→ **Input for this task**:
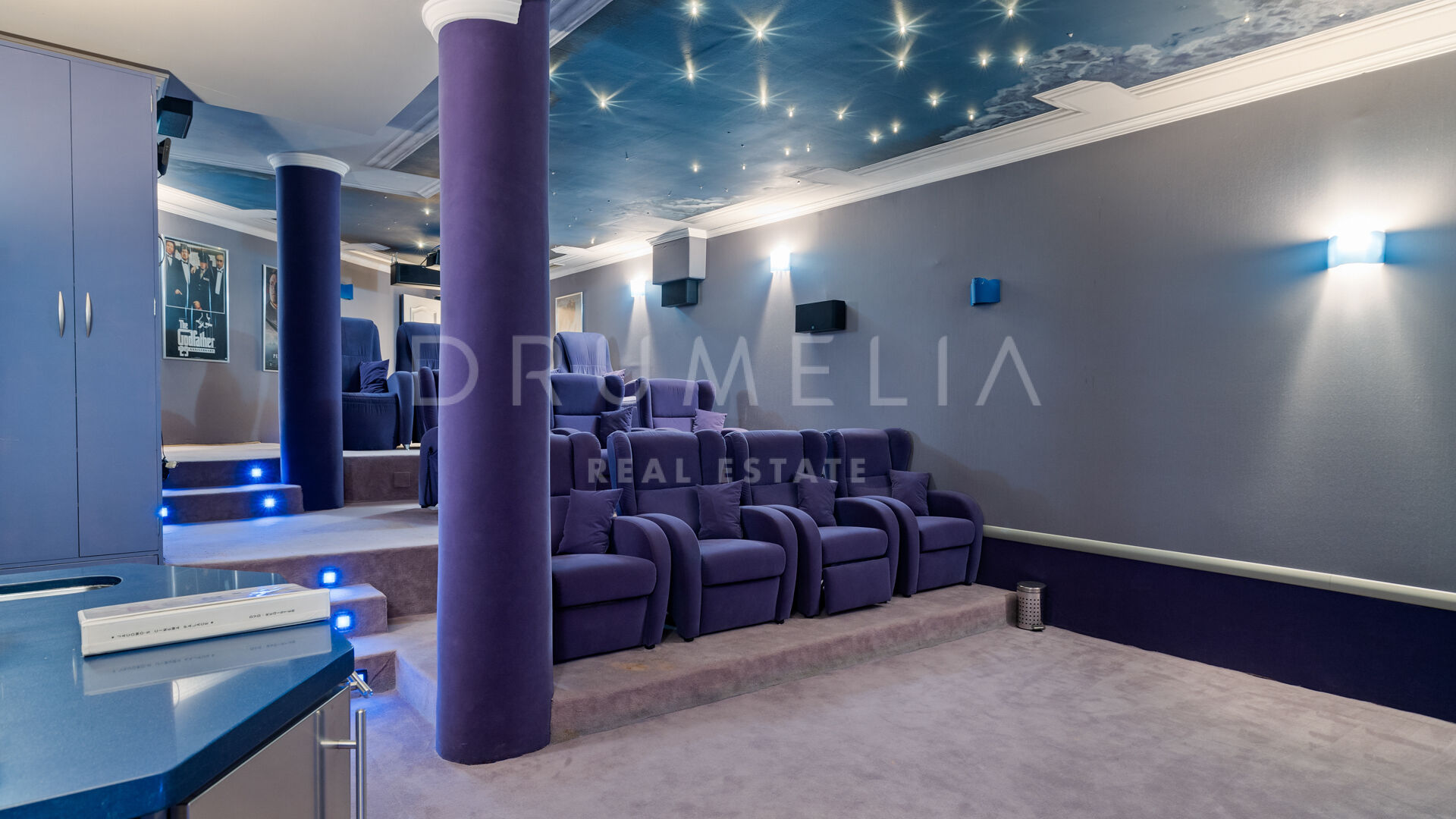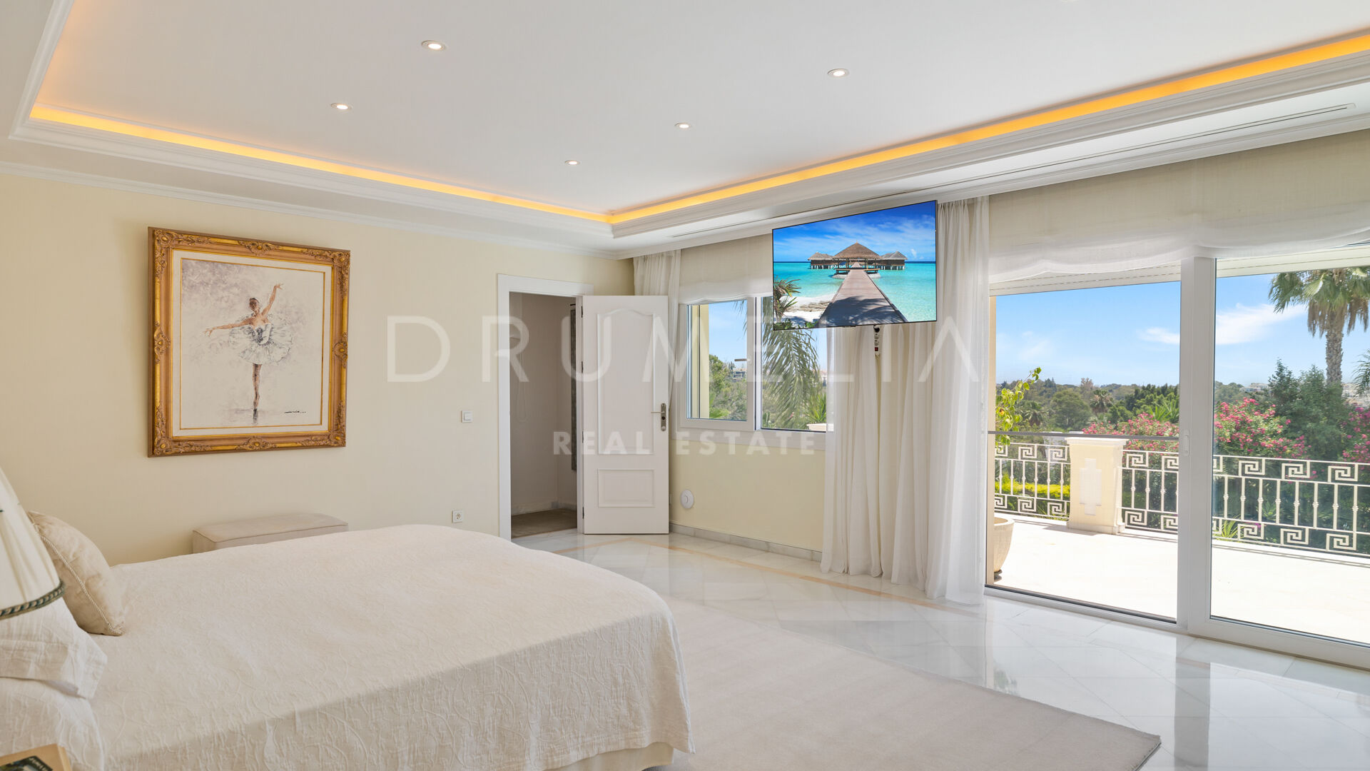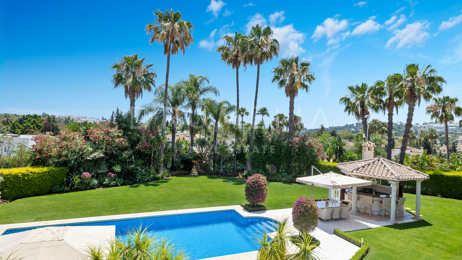 The first floor hosts an impressive Master suite with a luxurious bathroom, dressing area and access to the terrace with delightful views. The lower floor offers an entertainment area, wine cellar, cinema room, gym, storage and garage for 6 cars. A separate fully fitted guest or staff apartment adds exclusivity and comfort to this fabulous property. The beautiful mature gardens, outdoor chill-out and BBQ areas, and a nice sized heated pool invite to enjoy the world-famous Mediterranean lifestyle.
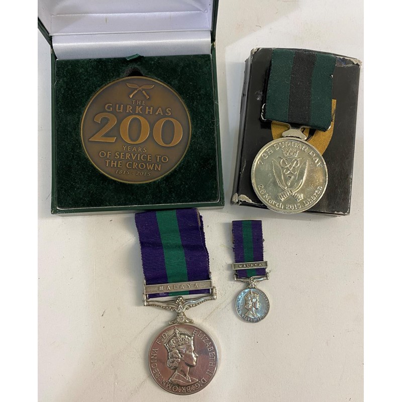 A GENERAL SERVICE MEDAL WITH MALAYA CLASP AND OTHER RELATED ITEMS TO THE 7TH GURKHAS.
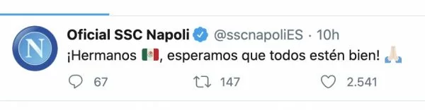 Anche la SSC Napoli, tramite il suo profilo Twitter spagnolo, ha mandato un messaggio di vicinanza alla popolazione del Messico: “Fratelli, speriamo stiate tutti bene!“. Questo il tweet arrivato dal club azzurro.
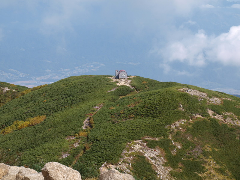 檜尾避難小屋。その先に檜尾尾根のルートが続いています。
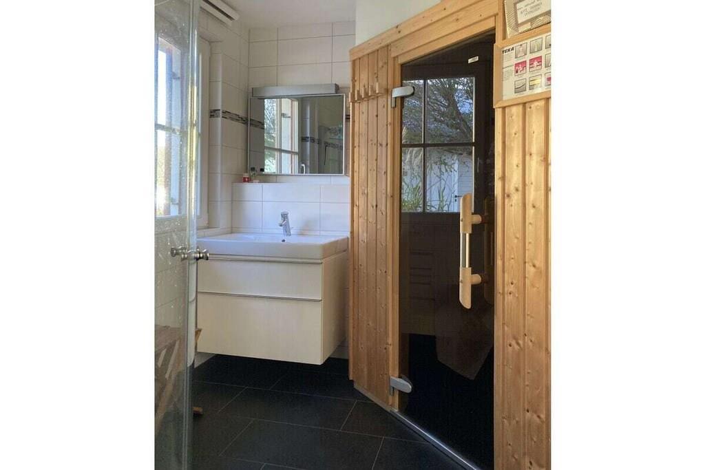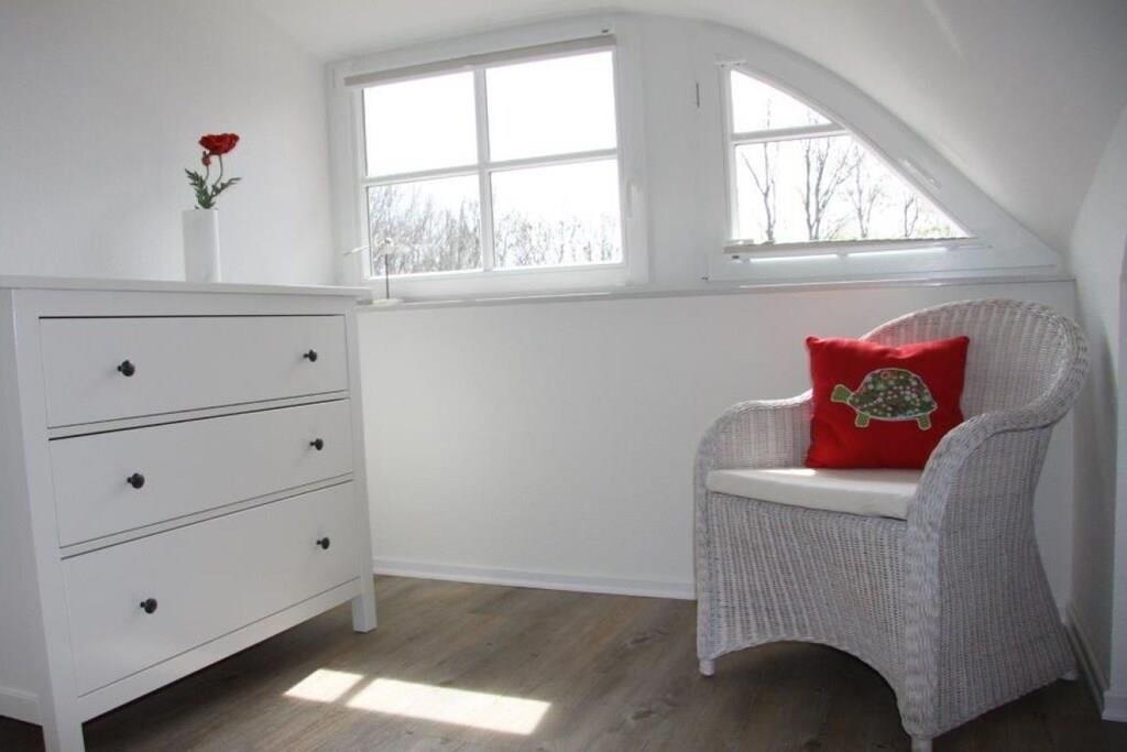 Das gemütliche Reetdachhaus 'Haus Klatschmohn' bietet alles, was das Herz begehrt. Es hat ca. 120 m² und bietet Platz für sechs Personen sowie ein Kleinkind. Der große Garten kann von der Straße nicht eingesehen und durch vier Türen betreten werden. Hier können Sie sich erholen, grillen und viele Sonnenstunden genießen. Das Ferienhaus hat eine Fußbodenheizung sowie einen offenen Kaminofen, den Sie im Wohnbereich finden. Die Sauna lädt zum Entspannen ein. Das Ferienhaus bietet zudem ein Wohn- und Essbereich mit Flachbildfernseher, DVD-Player, Radio/CD-Anlage, Internetanschluss (WLAN) sowie Büchern zum Schmökern und viele Spiele. Die Einbauküche hat ein Induktionskochfeld, eine Spülmaschine, einen Backofen sowie eine Mikrowelle. Im Haus finden Sie zwei Badezimmer, eines mit Dusche und Sauna im Erdgeschoss sowie das zweite mit Eckbadewanne und Dusche im Obergeschoss. Die drei Schlafzimmer haben jeweils ein Doppelbett (ein Schlafzimmer ist zusätzlich mit einem TV ausgestattet). Für die kleinen Gäste bieten wir einen Hochstuhl, ein Kinderreisebett und einen Bollerwagen sowie ein Treppenschutzgitter. Zur Ausstattung gehören ebenfalls ein Föhn, eine Waschmaschine, ein Trockner und ein Bügeleisen sowie Gartenmöbel, ein Strandkorb und ein Grill (der entsprechend der Windrichtung drehbar ist). Für Ihr Auto stehen zwei eigene PKW-Stellplätze zur Verfügung. Die Fahrräder können im Schuppen abgestellt werden. Das Ferienhaus ist ein Nichtraucherhaus und ist komfortabel und gemütlich eingerichtet.

→ **Assigned task**: Output all the data above verbatim, leaving out images.

→ **Task output**:
 The first floor hosts an impressive Master suite with a luxurious bathroom, dressing area and access to the terrace with delightful views. The lower floor offers an entertainment area, wine cellar, cinema room, gym, storage and garage for 6 cars. A separate fully fitted guest or staff apartment adds exclusivity and comfort to this fabulous property. The beautiful mature gardens, outdoor chill-out and BBQ areas, and a nice sized heated pool invite to enjoy the world-famous Mediterranean lifestyle.
 A GENERAL SERVICE MEDAL WITH MALAYA CLASP AND OTHER RELATED ITEMS TO THE 7TH GURKHAS.
 Anche la SSC Napoli, tramite il suo profilo Twitter spagnolo, ha mandato un messaggio di vicinanza alla popolazione del Messico: “Fratelli, speriamo stiate tutti bene!“. Questo il tweet arrivato dal club azzurro.
 檜尾避難小屋。その先に檜尾尾根のルートが続いています。
 Das gemütliche Reetdachhaus 'Haus Klatschmohn' bietet alles, was das Herz begehrt. Es hat ca. 120 m² und bietet Platz für sechs Personen sowie ein Kleinkind. Der große Garten kann von der Straße nicht eingesehen und durch vier Türen betreten werden. Hier können Sie sich erholen, grillen und viele Sonnenstunden genießen. Das Ferienhaus hat eine Fußbodenheizung sowie einen offenen Kaminofen, den Sie im Wohnbereich finden. Die Sauna lädt zum Entspannen ein. Das Ferienhaus bietet zudem ein Wohn- und Essbereich mit Flachbildfernseher, DVD-Player, Radio/CD-Anlage, Internetanschluss (WLAN) sowie Büchern zum Schmökern und viele Spiele. Die Einbauküche hat ein Induktionskochfeld, eine Spülmaschine, einen Backofen sowie eine Mikrowelle. Im Haus finden Sie zwei Badezimmer, eines mit Dusche und Sauna im Erdgeschoss sowie das zweite mit Eckbadewanne und Dusche im Obergeschoss. Die drei Schlafzimmer haben jeweils ein Doppelbett (ein Schlafzimmer ist zusätzlich mit einem TV ausgestattet). Für die kleinen Gäste bieten wir einen Hochstuhl, ein Kinderreisebett und einen Bollerwagen sowie ein Treppenschutzgitter. Zur Ausstattung gehören ebenfalls ein Föhn, eine Waschmaschine, ein Trockner und ein Bügeleisen sowie Gartenmöbel, ein Strandkorb und ein Grill (der entsprechend der Windrichtung drehbar ist). Für Ihr Auto stehen zwei eigene PKW-Stellplätze zur Verfügung. Die Fahrräder können im Schuppen abgestellt werden. Das Ferienhaus ist ein Nichtraucherhaus und ist komfortabel und gemütlich eingerichtet.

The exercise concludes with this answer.